In three games coming out of the Olympic break, Mailloux is a plus-4 and after playing a season-high 20:35 in the loss to the Devils, he followed it up with 20:32 on Sunday and was a plus-2 in the game. But it's the small details in his game that seem to really be coming along playing with Cam Fowler.
On Sunday, he was defending the front of the net again, breaking up plays, plays meant for the crease area and/or front of the net, and he seems to be shooting more pucks (I still think he can shoot it more) with three more shots on goal Sunday (nine the past three games) and by my count, six passes defended.
Colton Parayko (back spasms) missed his second straight game, and it's no coincidence that Mailloux had to be more of someone to grab a bigger role, including getting some shifts here of late on the penalty kill and he was used Saturday with an extra attacker role.
"Playing more minutes and stuff, I think me and Cam have started to play better together, whether it's the last 15-20 games like that. I feel like we've been progressing in the right direction. I just try to take it as it comes."
And when Blues coach Jim Montgomery said that Mailloux's last two practices before last Thursday's 5-1 win against the Seattle Kraken "were his best two practices of the year," and that players earn their ice time. We're seeing why Mailloux is earning more ice time of late.
* Buchnevich's offense finally breaking through -- Some of you may be saying, "Where has this best all year?" I get it. I'm one of them, and who would have thought that a move to the center ice position would finally unleash some of the veteran's offensive potential?

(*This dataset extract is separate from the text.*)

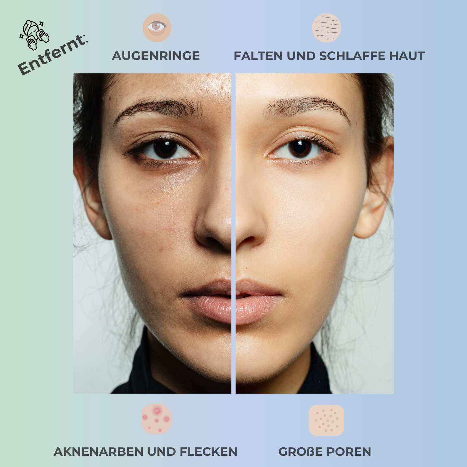 - Zielgerichtete Behandlung von Falten, Augenringen und Schwellungen – spürbare Ergebnisse nach nur wenigen Anwendungen.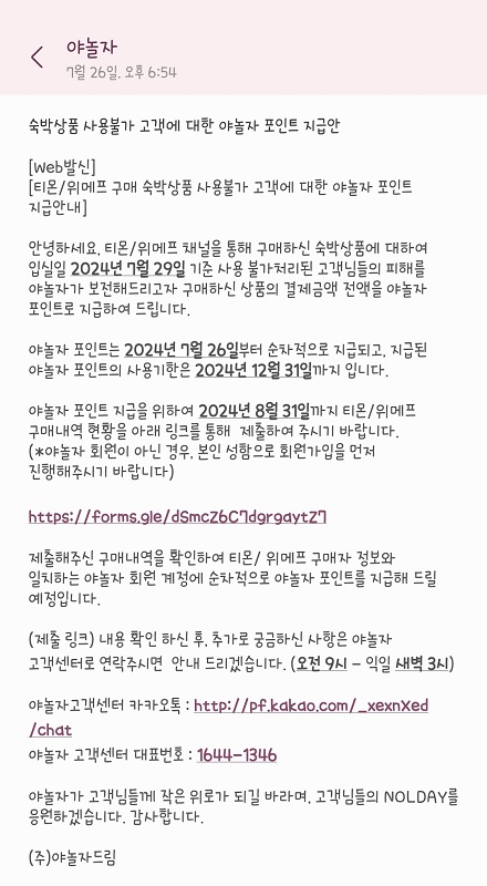 티몬이나 위메프를 통해 예약하신 숙박상품에 대해 이번 티몬 부도, 위메프 부도 사태로 인해 사용불가 처리가 되지만, 링크를 통해 구매현황 내역을 제출하면 결제 금액 전액을 야놀자 포인트로 지급해주겠다는 내용이었습니다.

With a goal and an assist, it's a five-game point streak (five goals, three assists), goals in four of the past five games and 13 points (six goals, seven assists) the past 10 games.
It was the second game-winner of the season and 23rd of his career, but the goal that put the Blues ahead late in the third was a beauty that started with Snuggerud winning a puck off a wall battle, makes a nifty little backhand for Buchnevich to saunter into a shot that was pegged for the top left corner:
And of course late, Buchnevich is on the ice with Thomas and feeds him for the empty-netter.
Buchnevich, Jake Neighbours and Jordan Kyrou have been a constant line as of late for the Blues, with Buchnevich running the middle.
* Hofer save on former Blue -- The game was hanging in the balance, and Hofer, who already made one good save on Kaprizov breaking in on a play in the first period, made one of those 10-bell stops that was the difference between winning and losing when he gloved Vladimir Tarasenko from the slot with 31.7 seconds left in a 2-1 game:
That's now back-to-back games for Hofer allowing just one goal in a game, including the 5-1 win against the Kraken on Thursday; he has stopped 45 of 47 shots with a .957 save percentage.